Dazu hat der Egerländer den „Gregor-Mendel-Kreis“ ins Leben gerufen. Er und seine knapp zehn Mitstreiter verstehen sich als „grüne Sudetendeutsche“ und wollen innerhalb der Sudetendeutschen Landsmannschaft (SL) einen Denkprozeß auslösen. Daß dies nicht einfach ist, mußte Bundestagsvizepräsidentin Antje Vollmer beim 46. Sudetendeutschen Tag in München an Pfingsten erleben. Vergeblich bat sie ums Wort, mußte sich Pfiffe und rüde Anschuldigungen gefallen lassen. Sie wollte die Sudetendeutschen vor die Entscheidung stellen, „zurück in ein Land, das es nicht mehr gibt, und zu Ansprüchen, die niemand erfüllen wird, oder vorwärts in ein neu zu gestaltendes Mitteleuropa“ – doch das wollte niemand hören. Für Karlheinz Wunderlich ist klar: Er will kein Zurück. Dennoch müßten seiner Meinung nach die Tschechen „die Vertreibung als ein völkerrechtswidriges Unrecht“ anerkennen und die Beneš-Dekrete, die die Enteignung der Sudetendeutschen regelten, für ungültig erklären: „Auf dem Hintergrund der Geschehnisse in Ex-Jugoslawien kann man Vertreibungen einfach nicht akzeptieren.“

Im Gegensatz zur SL fordert der Gregor-Mendel-Kreis von den Tschechen keinerlei Entschädigung. „Leuten, die nichts haben, kann ich nichts wegnehmen, das wäre doch unmenschlich, außerdem darf kein neues Unrecht entstehen“, lautet Wunderlichs Leitgedanke. Die Bonner Regierung sollte statt dessen der Tschechischen Republik Wirtschaftshilfe sowie Hilfe für ökologische und kulturelle Projekte gewähren. Als ersten Schritt müßte jedoch die Bundesregierung die 17.000 noch lebenden Opfer der nationalsozialistischen Gewaltherrschaft „angemessen entschädigen“ sowie die Aufnahme der Tschechischen Republik in die Europäische Union vorbehaltlos fördern.

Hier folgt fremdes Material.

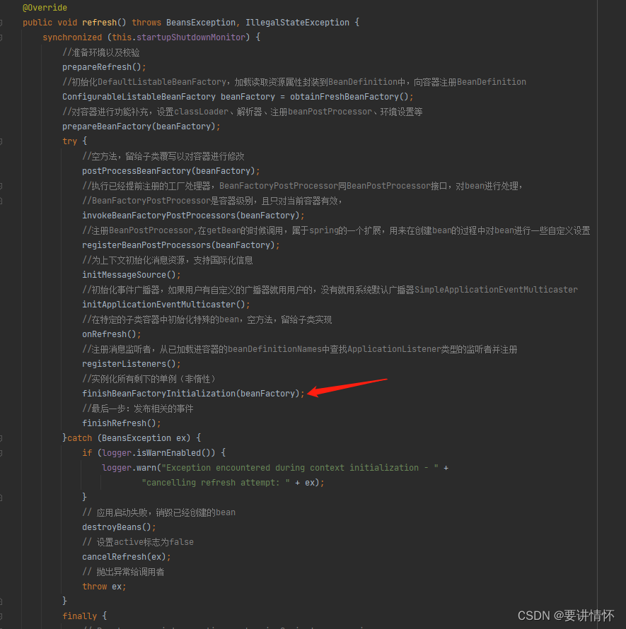 关键代码都加上注释了,可以简单了解下,重点在beanFactory.preInstantiateSingletons(),进入该方法看下具体实现: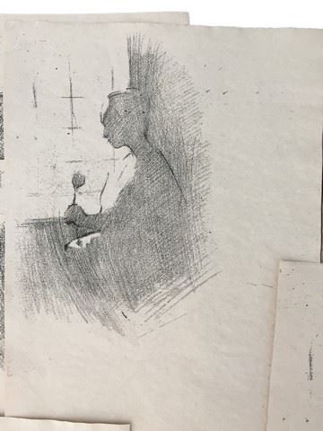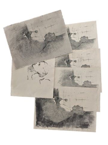 Jan Van Loos (Dane DeHaan) screen used, 6 different sketches of women holding a tulip, in various stages and shading, used in scene 170's.(17x12)

Damit steht der „Gregor-Mendel-Kreis“ innerhalb der SL allein auf weiter Flur. Nicht nur der Verzicht auf tschechische Entschädigung oder Rückgabe des ehemaligen Besitztums, sondern auch die geforderte Anerkennung der Vertreibung als Folge des Hitler-Faschismus und als Folge der Mitwirkung der Sudetendeutschen an der Unterdrückung des tschechischen Volkes während des Protektorats stößt SL-Funktionären sauer auf.

Davon will sich Wunderlich nicht abschrecken lassen, erst recht nicht von den maßlosen Forderungen des rechtslastigen Witiko- Bundes. „Das sind doch Leute, die sich wirklich verfolgt fühlen und sich deshalb radikalisiert haben“, analysiert der Psychologe Wunderlich. Er hält Auftreten und Forderungen der Witikonen für schädlich. Mit solchen Positionen verbaue man sich „jede Möglichkeit der Diskussion“.